* Posts by Euneeks

1 publicly visible post • joined 21 Dec 2011

Oracle hammered as hardware sales soften

Euneeks
Linux

Drop in hardware sales.

So, Oracle tear up the traditional support options and only offer premium support with a platinum support price tag. But that means all dev/uat boxes now have have the support cost of a Plat prod box??

Then the premium SLA's are not as transparent as they were with Sun (a 2 hour engineer to site from the moment Sun picked up the phone and answered is a distant dream) and the chances of you having an onsite Engineer dimished to another pipe dream unless your into coughing seriously high cash for that pleasure. And allowing any other engineer to work on that kit if you centralised your support?

The responses to repeatedly failing systems (which happens to all vendors equipment) is now met with repeat "certification" that a box is clean, to be followed by another failure. Sun would take it offsite while loaning a replacement so the original was diagnosed in a Sun lab, not in the customers server room where it had a function.

And come to the actual support, you could pick up the phone and speak to someone, now you wait for a callback or web response which may come from a suitably knowledgeable engineer or may come from someone who can't comprehend the actual problem & require many levels of frustration while they realise it needs to be escalated.

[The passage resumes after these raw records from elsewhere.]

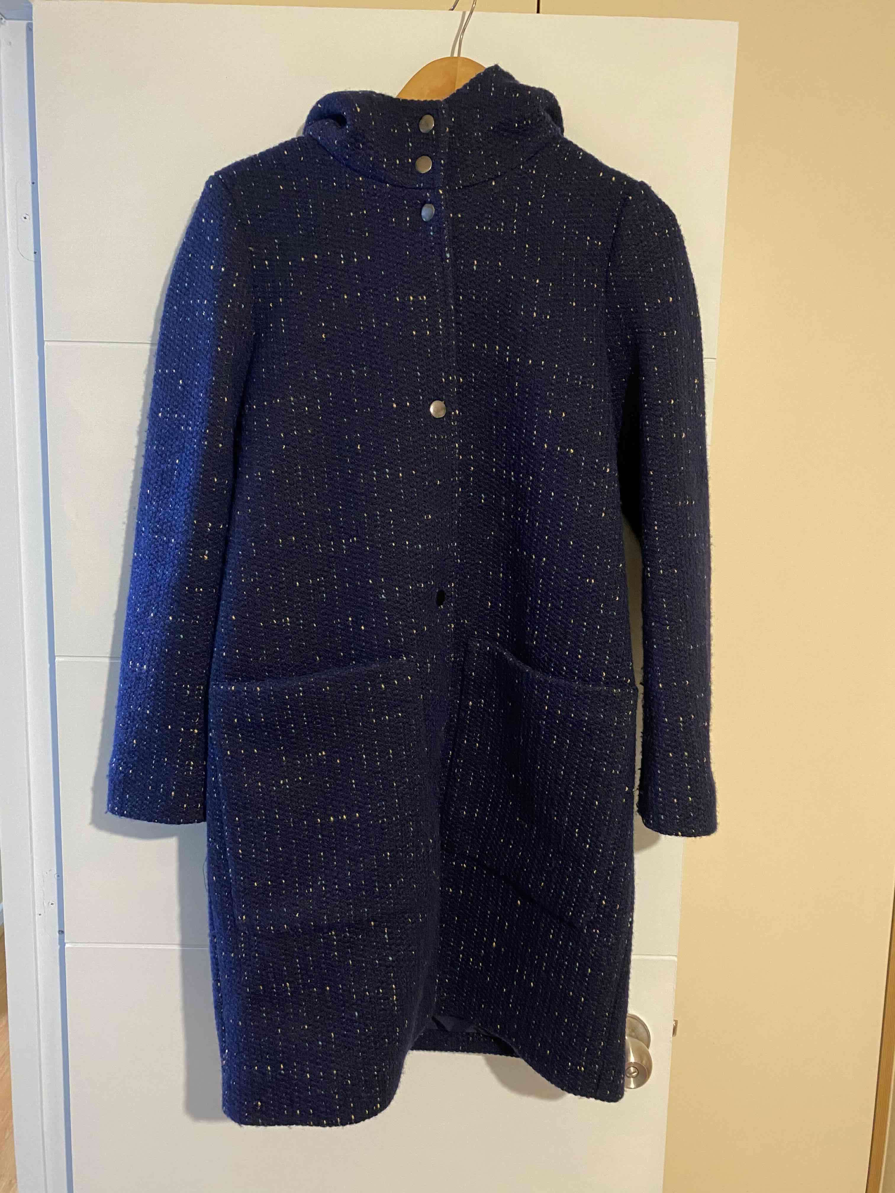 Elegante abrigo azul de lana, ideal para invierno. En buen estado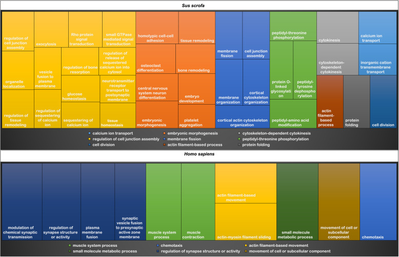 Results: In the exome sequencing, 119 variants located in 58 genes were identified differing between normal and UH-affected pigs, and in the umbilical ring transcriptome, 46 variants were identified, located in 27 genes. Comparing the two methodologies, we obtained 34 concordant variants between the exome and transcriptome analyses, which were located in 17 genes, distributed in 64 biological processes (BP). Among the BP involved with UH it is possible to highlight cell adhesion, cell junction regulation, embryonic morphogenesis, ion transport, muscle contraction, within others.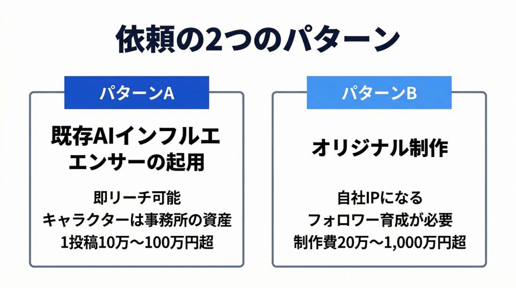 - AIインフルエンサーへの依頼には「既存タレントの起用」と「オリジナル制作」の2つのパターンがある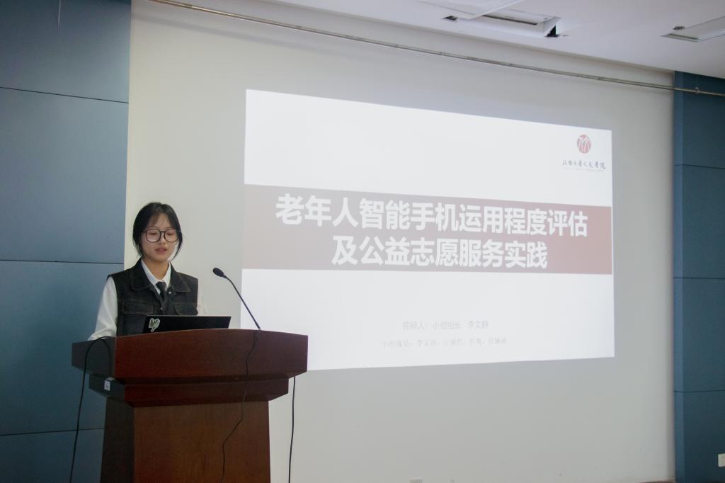 本届公益创新大赛以“社区公益教育”为主题,自今年三月份启动,共计有29支团队参赛。经初赛评审,遴选出14支团队进入项目路演环节。他们分赴信成花园社区、太湖国际社区、万科社区、板桥社区、长广社区等十几个社区开展社区公益教育活动。最终,他们带着项目路演后的满满收获进入决赛答辩环节。答辩现场,各团队围绕老年人智能技术运用、家庭教育与阅读表达、非遗传承、人文艺术、生活技艺等诸主题,就选题背景、可行性分析、调研及实践内容、项目特色与创新点、项目实施成果、展望与反思等诸多方面对项目进行了精彩的陈述介绍。答辩过程中,评委老师们结合项目材料及现场实际汇报情况对各项目进行了提问和点评,在充分肯定参赛学生实践能力的同时,提出了宝贵的修改意见。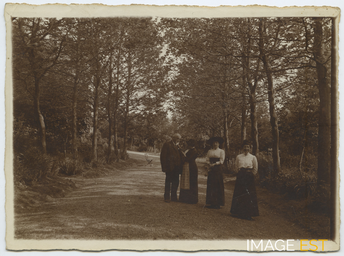 Groupe de promeneurs sur une allée boisée probablement dans le département des Vosges. Cette photographie est extraite d'un album en cuir repoussé comprenant un ensemble de 48 photographies (format 13 x 18 cm), noir et blanc, illustrant les loisirs et la vie d'une famille aisée probablement dans le département des Vosges à la fin du XIXe ou au début du XXe siècle.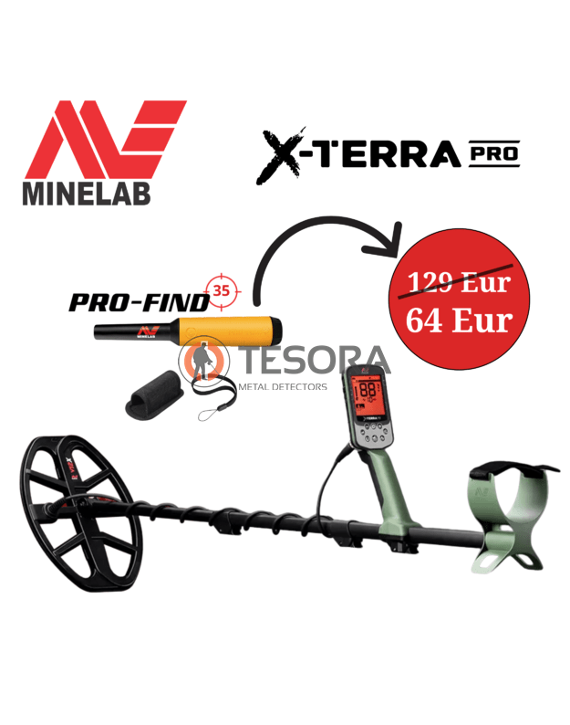 Minelab X-TERRA PRO – tai keliadažnis metalo detektorius su Pro-Switch™ technologija, leidžiančia dirbti dažniais nuo 5 iki 15 kHz, pritaikytas naudoti įvairiose grunto sąlygose. Atsparus vandeniui iki 5 m, turi 6 paieškos programas, reguliuojamą apšvietimą ir vibraciją. Komplekte – V12X ritė ir krovimo kabelis.

The original support folks are still there, in a backline function far removed from you unless escalated fairly sharply through account managers who have to jump through flaming hoops to find those few valuable nuggets of knowledge still inside the mothership.

I can ignore hardware costs/features totally. Why would you purchase a Sparc machine unless for M-series high-end /legacy apps (or an Itanium box from HP for that matter) to get such diabolical treatment. Solaris is great & kicks linux but thats only one part.

Comparing the same cost spent buying 2 or 3 x86 machines and vmware'ing/clustering/DR'ing them so you can cope with the poor x86 diagnosability but still achieve the same overall service availability on RHEL/SUSE/x86. Or spend your cash on intelligent storage offerings instead that genuinley assist with DR.

Sun sold slow but reliable kit with good tiered support that justified the cost. Oracle suck out your cash with promise of a feather bed while you actually lay in a bed of thorns.

Just need x86, Linux & dedicated support contracts with each respective vendor (not one combined 'cheap' support offering from an x86 vendor who promises but also can't deliver, ie: HP/IBM)

Fingers crossed for Sybase/SAP to take out some of the monopoly. Maybe they can buy SUSE at some point and complete the software offerings.